Aspartame and the hippocampus: Revealing a bi-directional, dose/time-dependent behavioural and morphological shift in mice.

作者信息

Onaolapo Adejoke Y, Onaolapo Olakunle J, Nwoha Polycarp U

机构信息

Department of Anatomy, Faculty of Basic Medical Sciences, College of Health Sciences, Ladoke Akintola University of Technology, Ogbomosho, Oyo State, Nigeria; Department of Anatomy and Cell Biology, Faculty of Basic Medical Sciences, Obafemi Awolowo University, Ile-Ife, Osun State, Nigeria.

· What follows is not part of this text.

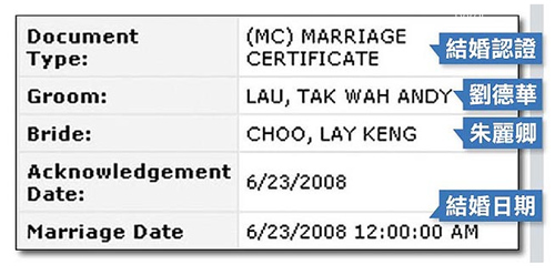 從美國內華達州克拉克郡的公共搜尋網站可以發現一筆數據,疑似就是兩人的結婚證據,或許也是讓華仔留言道歉的關鍵原因。Lau Tak Wah Andy就是劉德華粵語發音的英文名字,而Choo Lay Keng分析就是朱麗倩本名朱麗卿的英文名字。從這份數據可以發現,兩人在去年6月23日,于賭城拉斯韋加斯注冊結婚,至于結婚通知與注冊日期都是同一天,兩人有可能是即興結婚。

Department of Pharmacology and Therapeutics, Faculty of Basic Medical Sciences, College of Health Sciences, Ladoke Akintola University of Technology, Osogbo, Osun State, Nigeria.

出版信息

Neurobiol Learn Mem. 2017 Mar;139:76-88. doi: 10.1016/j.nlm.2016.12.021. Epub 2016 Dec 31.

DOI:10.1016/j.nlm.2016.12.021
PMID:28049023
Abstract

Changes, in behaviour, oxidative markers of stress and hippocampal morphology were evaluated following aspartame administration. Mice, (20-22g each) were given vehicle (10ml/kg) or aspartame (20, 40, 80 and 160mg/kg) daily for 28days. They were tested in the Y-maze, radial-arm maze and elevated plus-maze (EPM) after the first and last dose of vehicle or aspartame; and then sacrificed. Hippocampal slices were analysed for aspartic acid, nitric oxide (NO) and superoxide dismutase (SOD); and processed for general histology and neuritic plaques. Glial fibrillary-acid protein (GFAP) expression and neuron-specific enolase (NSE) activities were determined. Radial-arm maze scores increased significantly after acute administration at 80 and 160mg/kg. Repeated administration at 20 and 40mg/kg (Y-maze) and at 40mg/kg (radial-arm maze) was also associated with increased scores, however, performance decreased at higher doses. EPM tests revealed anxiogenic responses following both acute and repeated administration. Significant increase in SOD and NO activities were observed at 40, 80 and 160mg/kg. Neuron counts reduced at higher doses of aspartame. At 40, 80 and 160mg/kg, fewer GFAP-reactive astrocytes were observed in the cornus ammonis, but increased GFAP-reactivity was observed in the dentate gyrus subgranular zone. NSE-positive neurons were readily identifiable within the dentate gyrus at the lower doses of aspartame; but at 160mg/kg, there was marked neuron loss and reduction in NSE-positive neurons. Oral aspartame significantly altered behaviour, anti-oxidant status and morphology of the hippocampus in mice; also, it may probably trigger hippocampal adult neurogenesis.

摘要

在给予阿斯巴甜后,对行为、应激氧化标志物和海马形态的变化进行了评估。小鼠(每只20 - 22克)每天给予溶媒(10毫升/千克)或阿斯巴甜(20、40、80和160毫克/千克),持续28天。在首次和末次给予溶媒或阿斯巴甜后,对它们进行Y迷宫、放射状臂迷宫和高架十字迷宫(EPM)测试;然后处死。分析海马切片中的天冬氨酸、一氧化氮(NO)和超氧化物歧化酶(SOD);并进行常规组织学和神经炎性斑块处理。测定胶质纤维酸性蛋白(GFAP)表达和神经元特异性烯醇化酶(NSE)活性。在急性给予80和160毫克/千克时,放射状臂迷宫得分显著增加。在20和40毫克/千克(Y迷宫)以及40毫克/千克(放射状臂迷宫)重复给药时得分也增加,然而,在更高剂量时表现下降。EPM测试显示急性和重复给药后均有焦虑反应。在40、80和160毫克/千克时观察到SOD和NO活性显著增加。在较高剂量的阿斯巴甜下神经元数量减少。在40、80和160毫克/千克时,在海马角中观察到较少的GFAP反应性星形胶质细胞,但在齿状回颗粒下区观察到GFAP反应性增加。在较低剂量的阿斯巴甜时,在齿状回内很容易识别出NSE阳性神经元;但在160毫克/千克时,有明显的神经元丢失和NSE阳性神经元减少。口服阿斯巴甜显著改变了小鼠的行为、抗氧化状态和海马形态;此外,它可能会触发海马的成年神经发生。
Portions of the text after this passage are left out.